When Crimea is mentioned in the news, it’s often in the context of war — Russia has occupied Ukraine’s Crimean peninsula since 2014.
But when Ukrainians hear the word Crimea, they often think of it as a bastion of culture and music.
Susana Alimivna Jamaladinova, known simply as “Jamala,” is one of Ukraine’s most famous singers. She won the Eurovision song contest in 2016.
Jamala, an Indigenous Crimean Tatar, often talks about how her heritage shapes her music.
“My whole family are musicians,” Jamala told The World. “My mom, she is a piano teacher. My father, he is an accordion player and he's a really good folk singer. He sings Crimean Tatar songs.”
One song that Jamala said exudes strong emotions is “Bizim Taraf,” or “My Side” in English, a Crimean folk classic passed down by her paternal grandmother.
Growing up, Jamala said she was encouraged to listen to all musical genres, from jazz to opera and folk to rock.
And then she started to write her own music.
Jamala recently released an album called “Qirim,” or “Crimea.” It includes more than 80 musicians, a double symphony orchestra and folk musicians who created a total of 14 ancient Crimean Tatar songs.
“It's like a diary,” she said, of various Crimean characters in folk history.
In one song, "Alim," listeners learn about a famous Crimean akin to a 17th-century Robinhood who fought for the rights of poor people.
“The belief in his strength was huge,” Jamala said.
Jamala drew inspiration from film composers such as Hans Zimmerman and Ramin Djawadi to create a “soundtrack” for Crimea that was cinematic in scope.
“Because, you know, the ‘Game of Thrones,’ they built seven kingdoms with different melodies, and we feel it in the music. Oh, my God. It was a real inspiration for me,” she said.
Another song on the album, “Yosmam,” tells a heartbreaking story passed down by her great-grandmother about a village girl waiting by a window for her boyfriend — who never arrives.
“Nowadays, it sounds [like,] ‘OK, whatever. I'll find another one.’ But at that time, it was a huge tragedy. ‘You [crushed] my heart,’ and we feel it at the end of the song,” Jamala explained.
The album was nearly completed, Jamala said, when Russia’s full-scale invasion of Ukraine started in February of 2022. They had to stop working on it while Kyiv was under attack.

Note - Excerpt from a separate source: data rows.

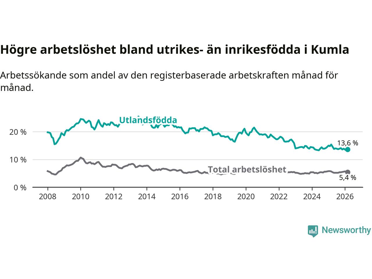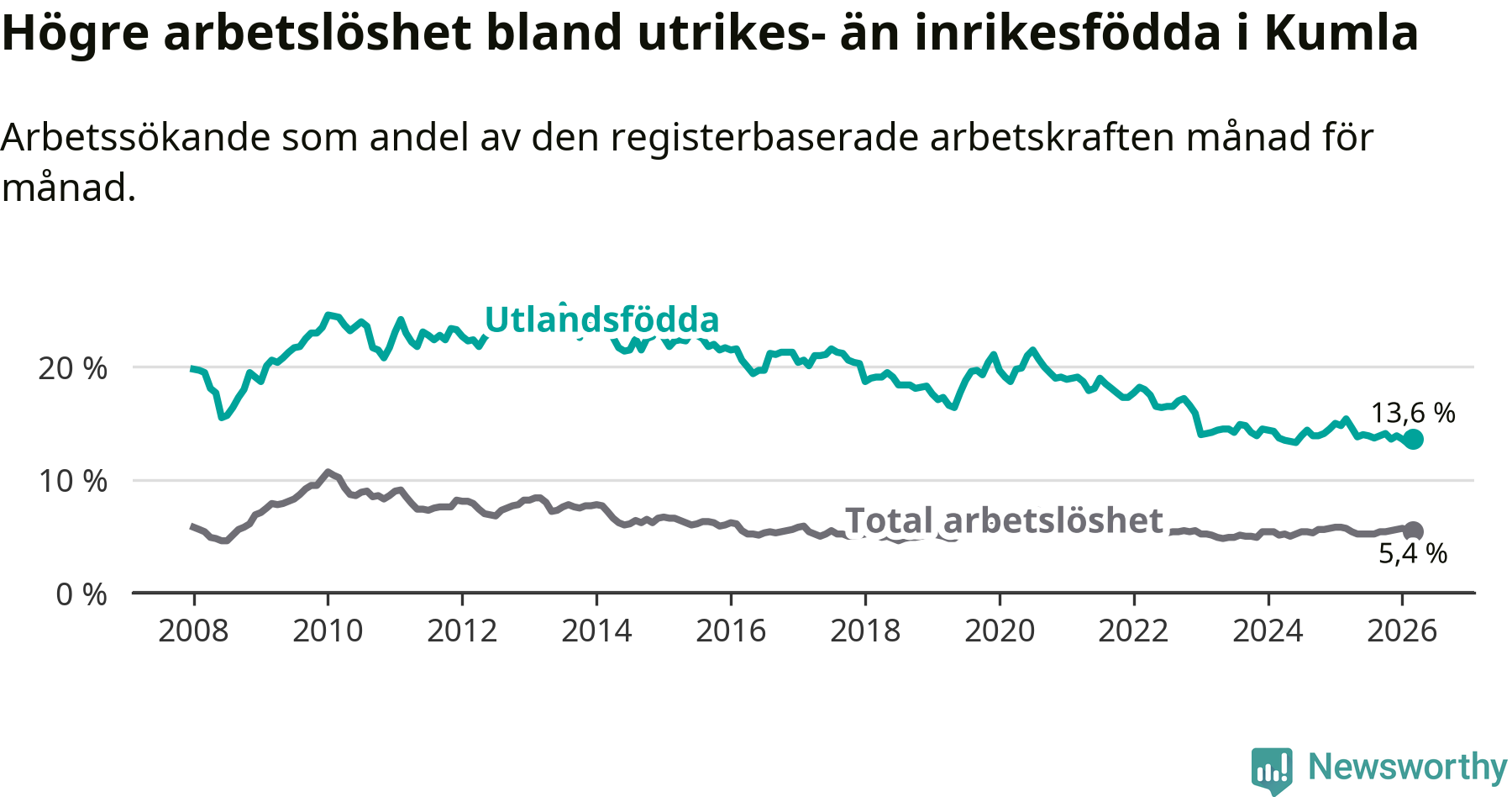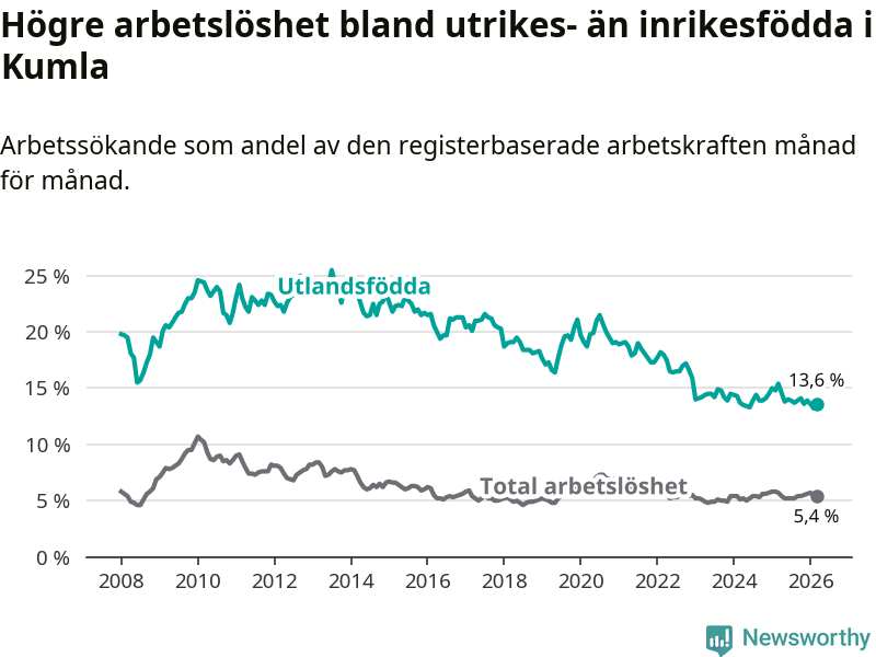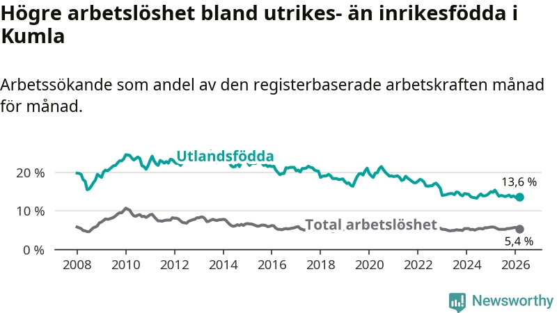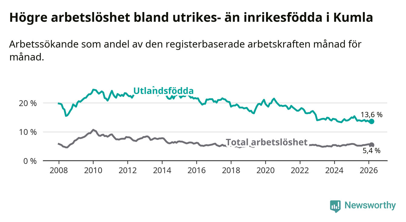 Arbetslösheten bland utlandsfödda var 13,6 procent i Kumla under mars månad, motsvarande 280 av 2 059 personer. Det är 1,8 procentenheter färre än vid samma tidpunkt i fjol (−26 om man räknar personer).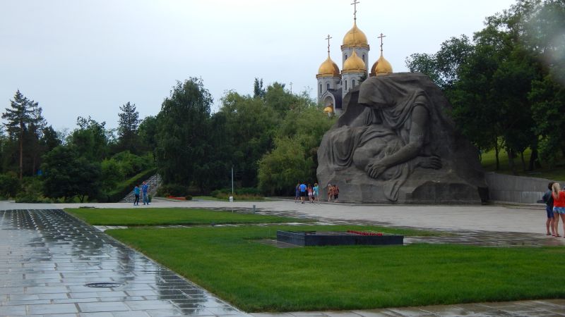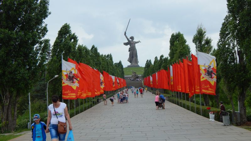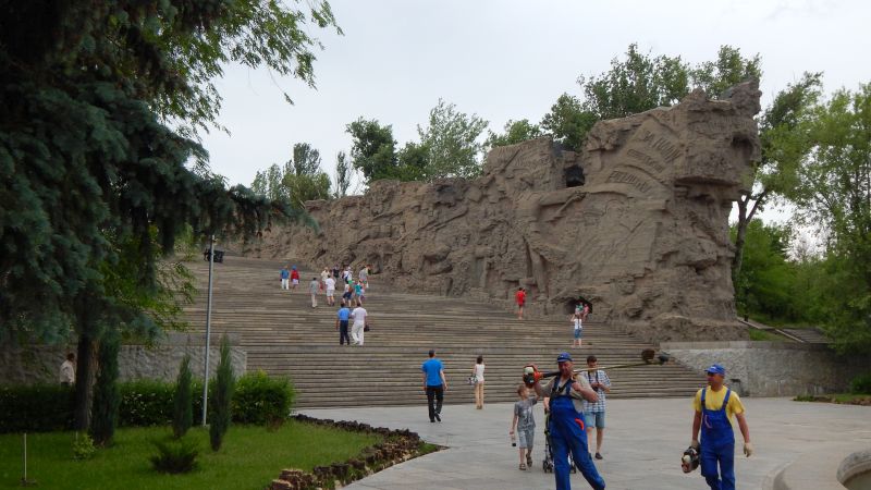 05.06.2015 – Heute war unser erster Pausentag und eine Stadtbesichtigung stand auf der Agenda. Das heißt, eigentlich sollte es zum Marmajew Kurgan und zum Volga – Ufer gehen. Auf meinen Wunsch sind wir dann dort hin gelaufen und den Berg bis zur Statue Mat Rodina hoch. Ich muss schon sagen, dieses monumentale Denkmal hat mich sehr beeindruckt, zumal ich die Geschichte vom Kampf um Stalingrad ziemlich gut kenne. Besonders die Ehrenhalle mit den Tafeln der Gefallenen, der ewigen Flamme und den dort stehenden Ehrenposten war zutiefst beeindruckend.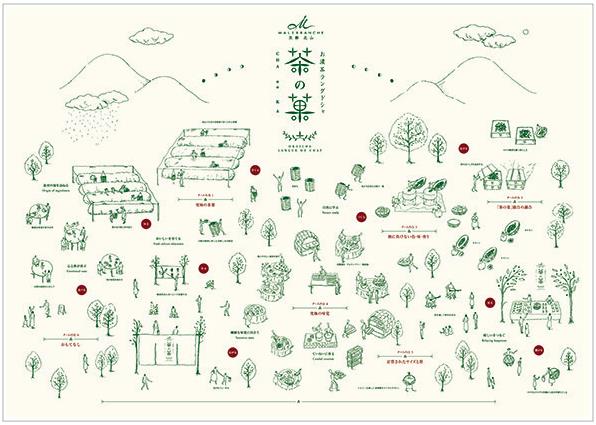 二楼的展厅,有一些有趣的设计等待着观看者发现。譬如,三木健展示了一个为京都一家西点店所作的商品开发与包装概念案例。正如好的设计令人看见了“真正的丰富是什么”,好的西点设计也能帮助人实现“如果有这样的蛋糕店就最棒了”的梦想。基于“商品是的孩子,没有就没有设计”的观点,三木健的一张“茶点”诠释图几乎覆盖了从食材生长到店铺设计的每一个环节,而这张图恰恰与之前的“Apple”概念诠释图几乎完美对应,让人理解了概念到应用的转换。更为可贵的是,设计师还常常“想象人们使用时的喜悦感”,这也是好的设计在色彩之外透出淡而隽永的人情味之所在。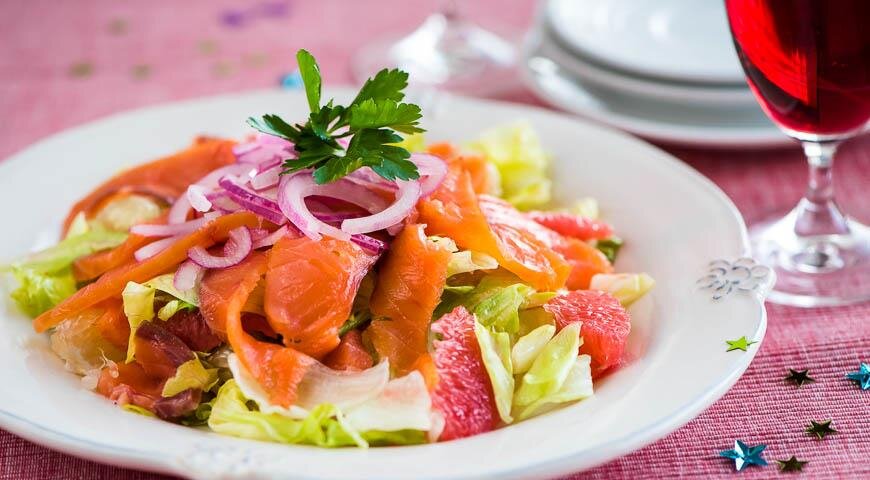 Для тех, кто жаждет салатов, но отказался от блюд с майонезом, этот рецепт — отличный вариант. Он лёгкий и сытный одновременно. Заправка в нём максимально лёгкая и острая, а сок свити и грейпфрута делает его необычным и запоминающимся. Вместо рыбы можно использовать любимые многими креветки. Количество калорий - 150,5 ккал БЖУ: 7 г / 7,7 г / 11,8 г ПОШАГОВОЕ ПРИГОТОВЛЕНИЕ ________ грейпфрут, салат "Айсберг", праздничные рецепты, цитрусовые, новогодние салаты, салат с рыбой

During this time, Jamala said she had a dream to include new sounds at the end of the album that acknowledged the atrocities that occurred in Bucha and Mariupol.
“Russians can steal our territory nowadays, but they can’t steal our identity, our songs,” Jamala said.
“I want to say to the whole world that we exist. And for me, it's important to give a voice to my homeland, Crimea.”